From: adam r. christopher (adam@du.edu)
Date: Thu Aug 20 1998 - 13:05:23 CDT


SUMMARY

Thanks, everyone, for the advice. This is a long one, so you may want to
just file it.

The best way to find huge files is by far du -sk * from a suspect
directory. Also, be sure to copy /dev/null to the file eg. cp /dev/null
filename or cat /dev/null >> filename, don't just delete it. Then HUP the
processes that use the files. Copying /dev/null is a good idea because not
all log files are automatically recreated on HUP or even reboot. Read and
love the du manpage. I was also pointed to the freeware utility lsof.

I had a lot of people warn me to check the /devices directory for huge
files because people often run backups to /dev/deviceO instead of
/dev/device0. This wasn't my situation, but a good thing to look out for.

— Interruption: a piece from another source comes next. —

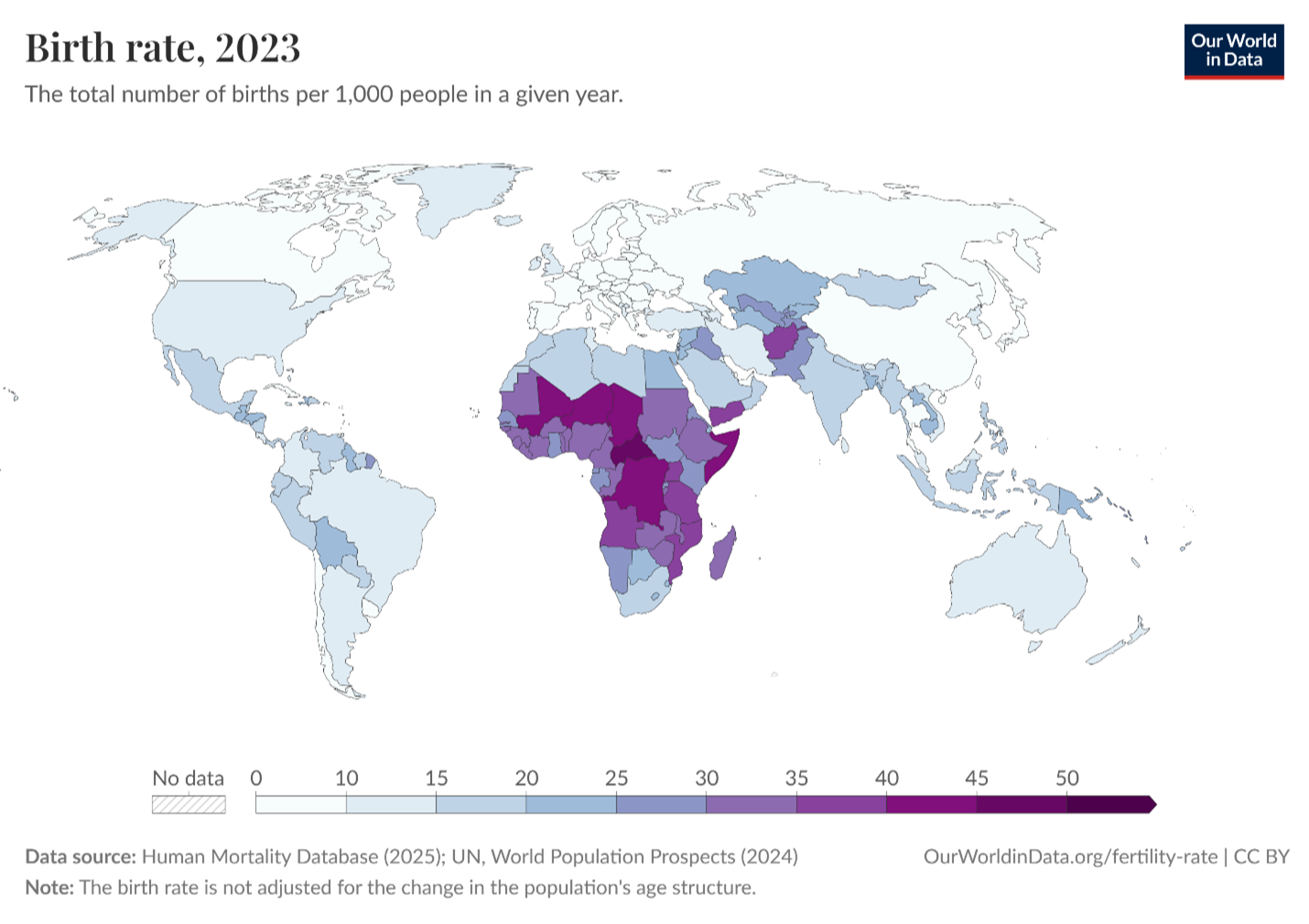 In many parts of Sub-Saharan Africa, population growth is driven by high birth rates combined with improving survival rates. More children surviving into adulthood is a good thing. But economic systems, infrastructure, education, and healthcare often struggle to keep pace.

I eventually found that the Soltice Backup server was creating
huge files in its /nsr/index and /nsr/mm directories. I then cp -rp to
~adam/nsr_save and tar -cf - . and ftp'd the data to another box. Then,
nsr_shutdown -a to stop the backup server, edit vfstab to create another
mount point (in my case, I also ran newfs to create the ufs and fsck to
check its state) mount /dev/dsk/c*t*d*s* /nsr and copied the data back.
/etc/mnttab will show you what is currently mounted.

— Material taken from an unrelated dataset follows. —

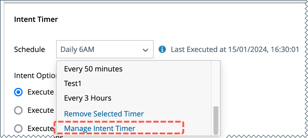 Note: Alternatively, you can add new intent timers according to your needs using the Manage Intent Timer option.

Then a reboot to make sure all is well. It is not, the partition isn't
large enough ;), but at least I know where to go (/ went down to 23%!).

The Backup Server can also be stopped via the rc2.d/s95networker
stop/start and by /etc/init.d/networker stop/start, but nsr_shutdown -a
seemed the most comprehensive. If, by the way, you can't run any of the
SolticeBackup commands, put /usr/sbin/nsr in your path. There are many
gems in this directory, the gui just sucks.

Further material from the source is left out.